ACTIVITY
Please reproduce, exactly as given, the lines running from the start of the data to the line containing "金融文化参讯-湖南(黎阳)为", inclusive, and omit the pictures.

EXTRACTED DATA
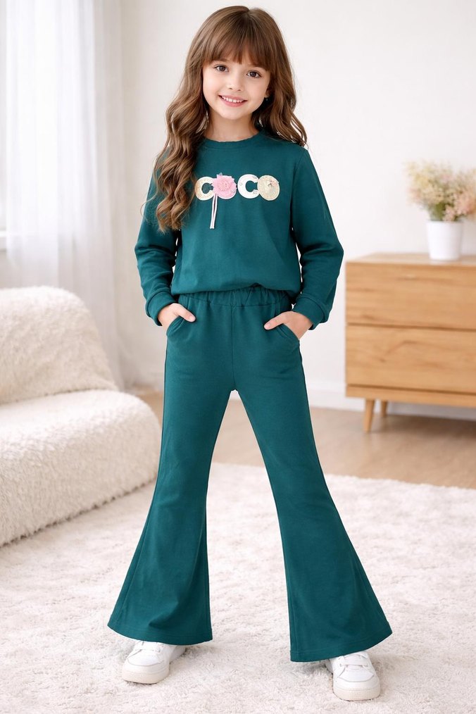 Kız çocuklar için turkuaz renkli, yumuşak ve kalın kumaştan, dantel detaylı ve pastel tonlarda batik desenli sweatshirt ve ispanyol paça eşofman takımı. Rahat ve şık.
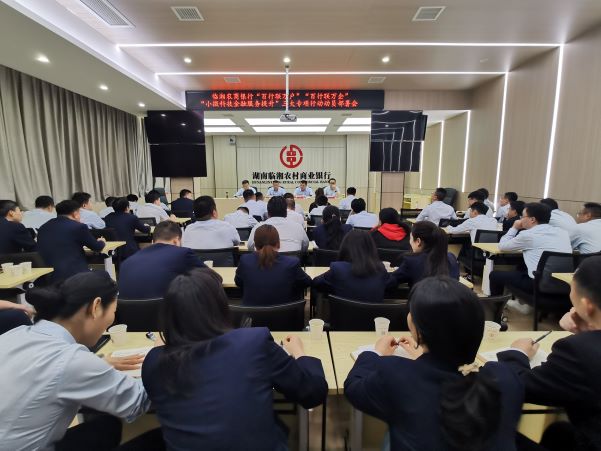金融文化参讯-湖南(黎阳)为积极响应党的二十大号召,推动经济实现质的有效提升和量的合理增长,深入贯彻落实湖南银保监局和省农信联社工作部署,助力乡村振兴事业全面发展,2023年5月24日,临湘农商银行在总行六楼会议室召开“百行联万户”“百行联万企”及小微科技金融服务提升三大专项行动动员部署会,总行班子成员、部室、网点负责人、客户经理共83人参加了本次会议。
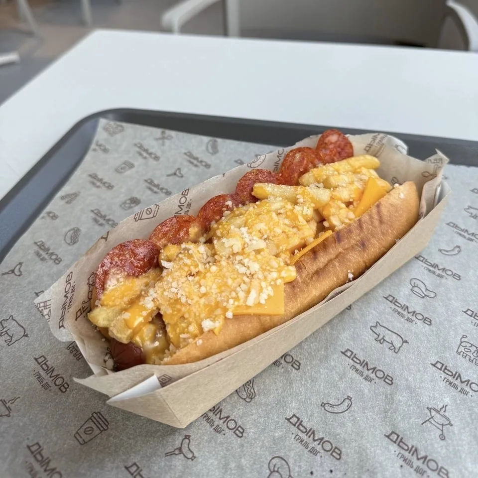 ▪️Сырный (420₽) — колбаска куриная с сыром, сыр чеддер, пармезан, колбаса чоризо, картофель фри, сырный соус. Слишком солено, без напитка не обойтись.
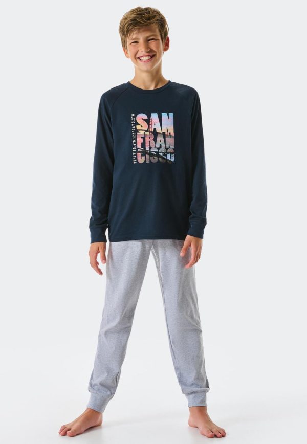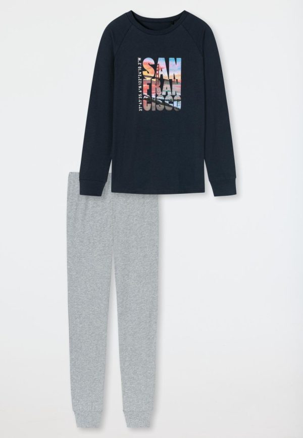 - nachtblaues Langarmshirt mit Rundhalsausschnitt, Raglanärmeln und „SAN FRANSISCO“-Motiv
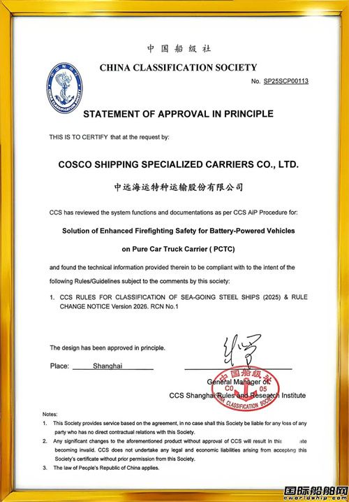 2025年12月2日,在被譽為“全球海事業風向標”的2025年中國國際海事會展(Marintec China 2025)系列活動中,中遠海運特運旗下遠海汽車船公司獲中國船級社(CCS)頒發《滾裝運輸鋰電池電動汽車增強消防安全技術要求》首張原則性認可(AIP)證書。這標志著中國在新能源汽車海運安全技術領域實現重要突破,以領先的船舶消防系統設備布置與安全管理體系,為蓬勃發展的新能源汽車出口構建起高標準、高可靠性的運輸保障。
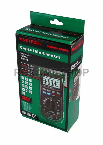 Мульти́метр MS8269 MASTECH—электроизмерительный прибор который включает в себя несколько функций и набор измеряемых параметров. Все приборы серии MS8269 измеряют постоянное и переменное напряжение, а так же постоянный и переменный ток, сопротивление в цепи, емкость, индуктивность и даже температуру. А так же с помощью данного прибора можно проводить тестирование диодов и осуществлять прозвонку целостности цепи. Таким образом, один прибор сможем заменить сразу несколько устройств одновременно. Прибор MS8269 является портативным мультиметром, компактные размеры позволяют всегда носить его с собой. Но, несмотря на размеры, данный мультиметр обладает широким функционалом и это выгодно отличает его от других. Прибор имеет функцию удержания результата измерений Data hold, для тех случаев, когда измерения проводятся в труднодоступных местах и не всегда есть возможность взглянуть на экран. Дисплей прибора оснащен подсветкой, которая позволяет проводить измерения даже в слабоосвещенных местах. Инженеры старались сделать прибор максимально удобным для использования. Выбор измеряемых величин и пределов измерений производиться с помощью усиленного поворотного регулятора, благодаря которому исключается возможность случайного нажатия. Прибор изготовлен из высококачественных материалов, калибровка и тестирование приборов произведено под контролем компании REXANT INTERNATIONAL.
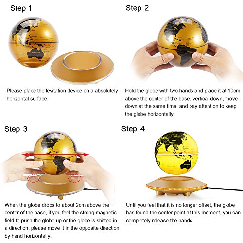 Warm Tips: 1. Don't unplug the power adapter without remove the globe first, or the globe will pound the base. 2. Powerful magnet! Please keep this item at least 20cm away from computer devices and other electronic devices and metal. 3. When the globe rotates too fast or appears a beating phenomenon, please reposition the globe. Otherwise, the base overheat, and the device will produce over-current protection, automatic power off. Over heat will shorten the service life.
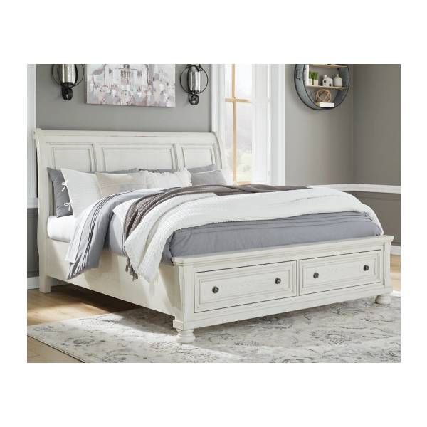 The Robbinsdale California King Sleigh Bed with Storage combines elegant design with timeless appeal, making it a standout piece in any bedroom. Its spacious storage footboard provides both style and practicality, while the durable construction ensures lasting quality. Experience a functional yet refined addition to your bedroom decor.
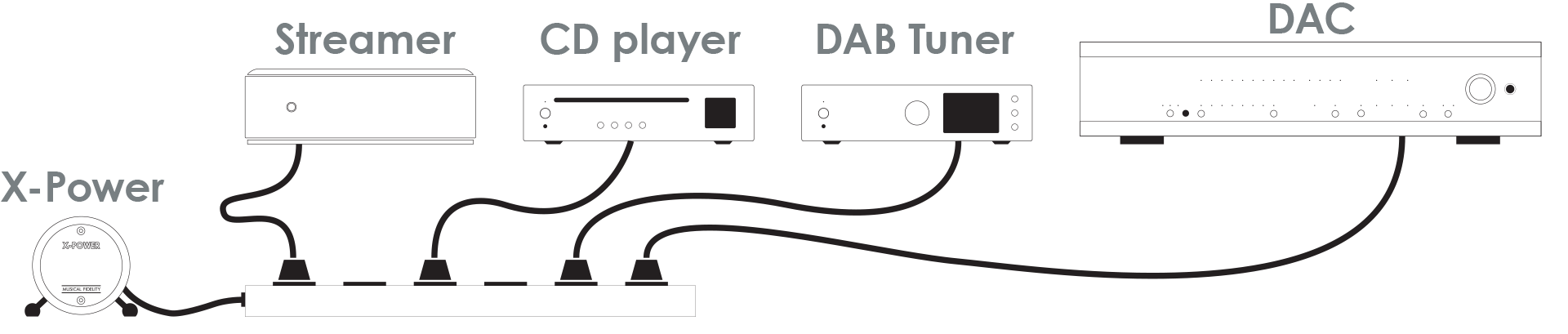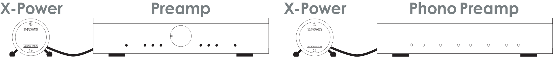 The X-Power can be used to supply clean power to sources like CD players, phono preamps, regular preamps, DACs, streamers and many more.
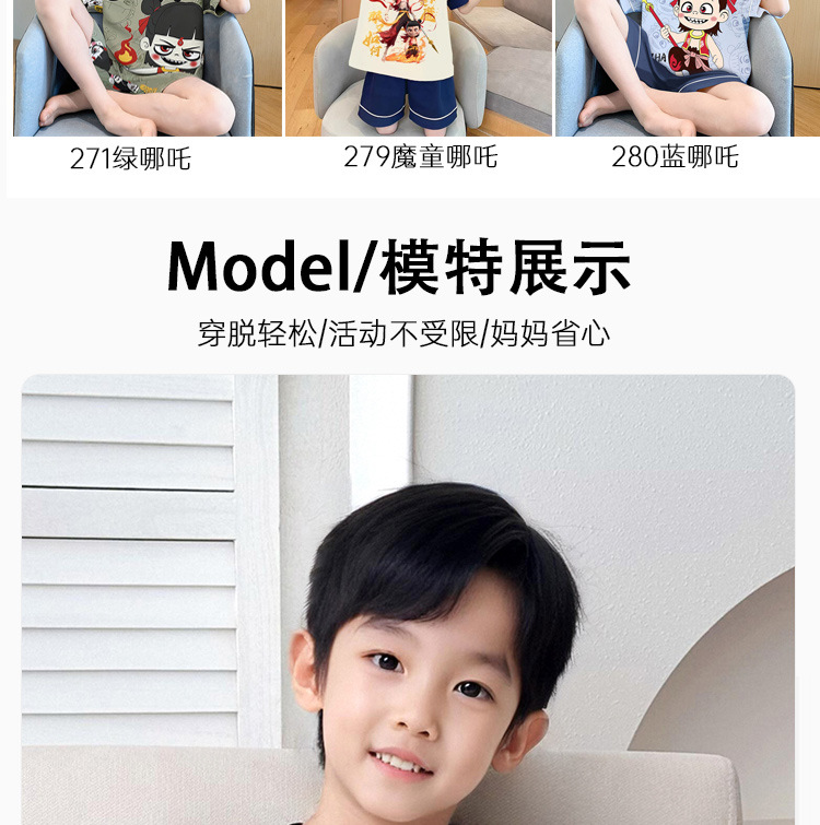 2025 남아용 여름 반팔 잠옷 얇은 소재 어린이 만화 홈웨어 세트 네자
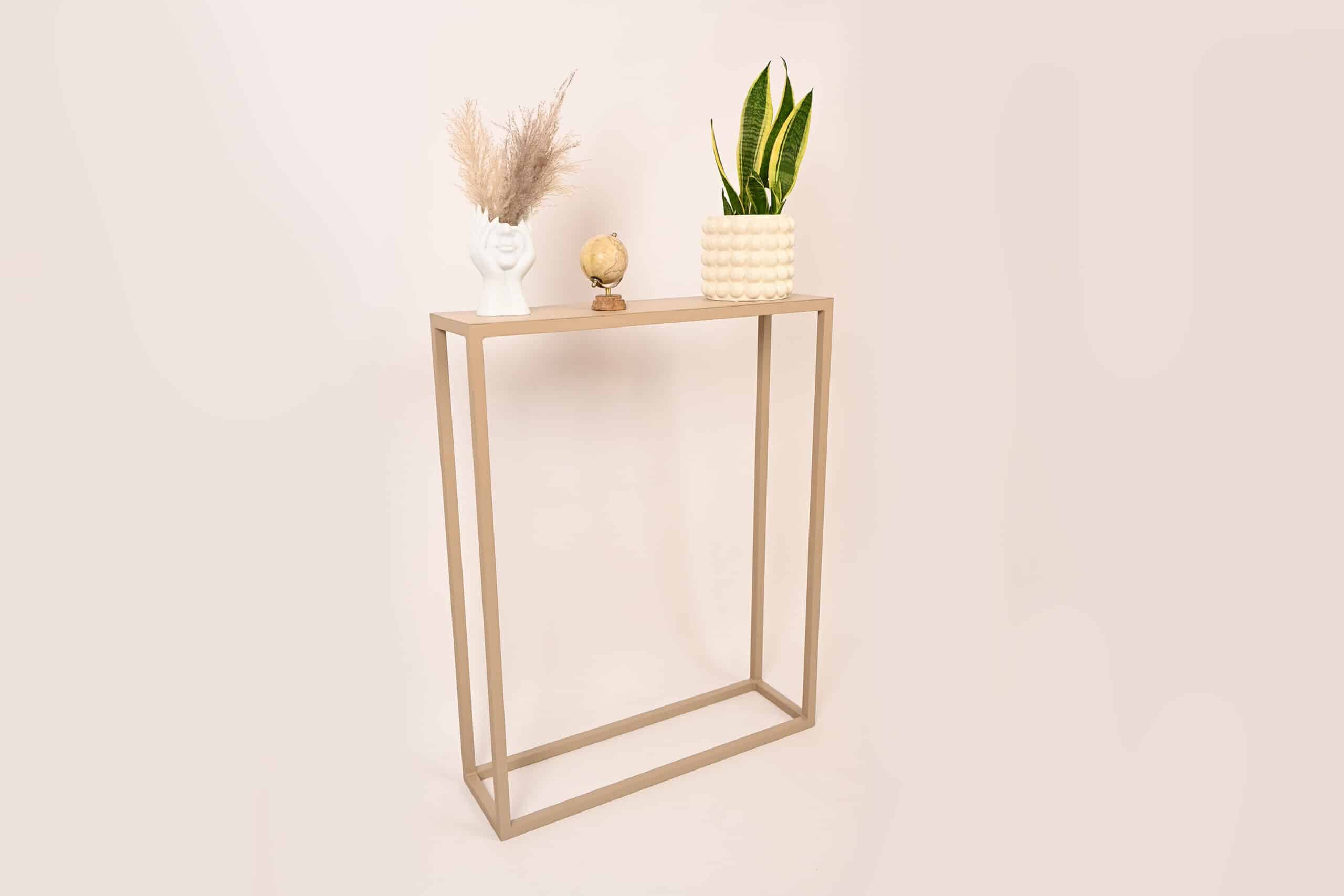 Der Linea Steel Konsolentisch in Grau-Beige bringt Ruhe und Vielseitigkeit in jeden Raum. Seine schlichte, aber elegante Form passt perfekt in den Eingangsbereich als Ablage für Schlüssel, ins Wohnzimmer als Basis für eine Lampe oder ins Schlafzimmer als zusätzliche Ablagefläche.
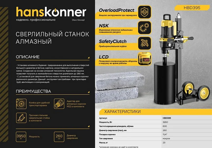 Сверлильный станок алмазный Hanskonner! HBD395 PLATINUM
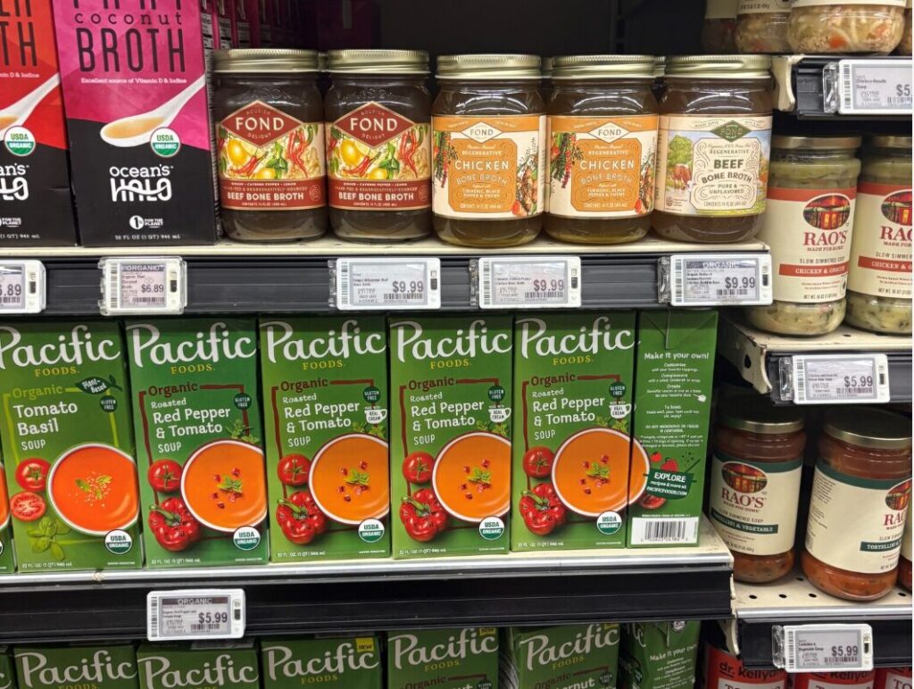 価格については、ミニトマトは2パックで$7、オーガニックスープは$12.99。全体的にはリーズナブルな価格帯で、一部のオーガニック商品の価格は高めに感じられるものの、ブランドが訴求する価値を踏まえると妥当であり、中間所得層を中心に支持される価格帯だと感じました。
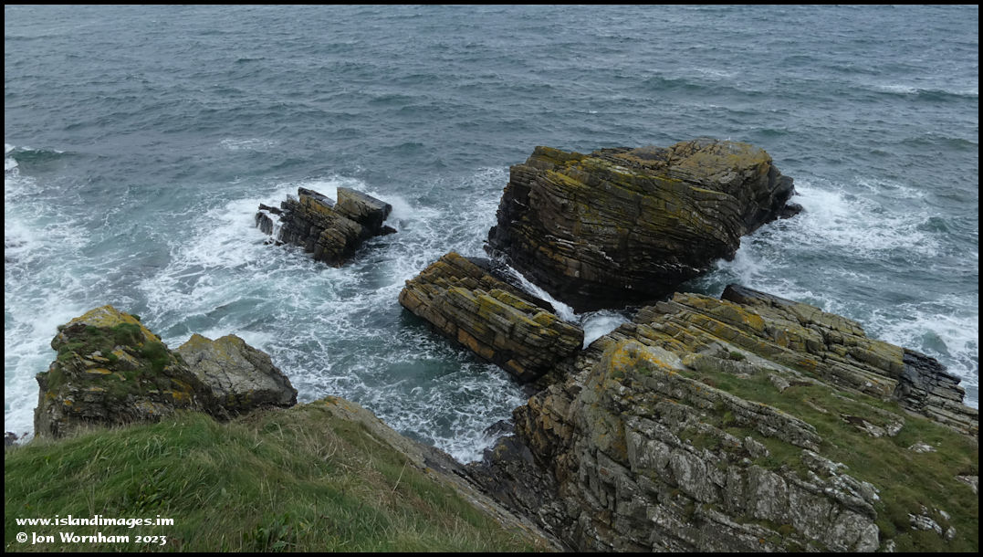 The sea swirling around rocks just to the north of Niarbyl.
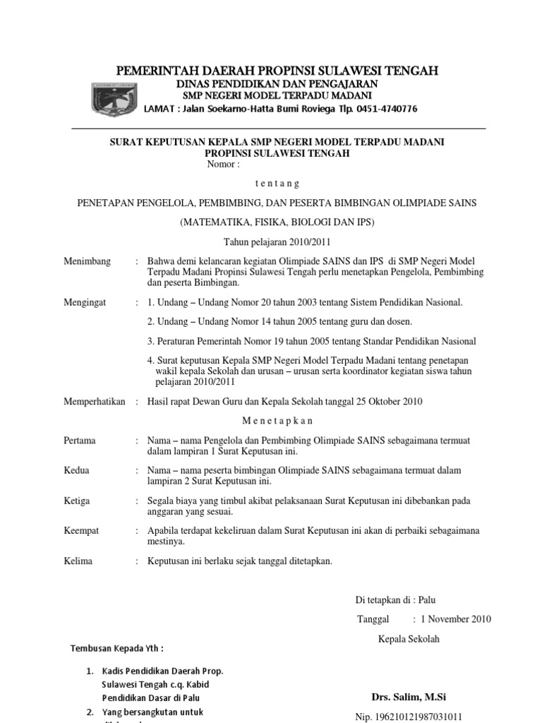 Contoh Sk Pengangkatan Kepala Sekolah Madrasah Oleh Cute766

REPLY TO THE TASK
 Kız çocuklar için turkuaz renkli, yumuşak ve kalın kumaştan, dantel detaylı ve pastel tonlarda batik desenli sweatshirt ve ispanyol paça eşofman takımı. Rahat ve şık.
金融文化参讯-湖南(黎阳)为积极响应党的二十大号召,推动经济实现质的有效提升和量的合理增长,深入贯彻落实湖南银保监局和省农信联社工作部署,助力乡村振兴事业全面发展,2023年5月24日,临湘农商银行在总行六楼会议室召开“百行联万户”“百行联万企”及小微科技金融服务提升三大专项行动动员部署会,总行班子成员、部室、网点负责人、客户经理共83人参加了本次会议。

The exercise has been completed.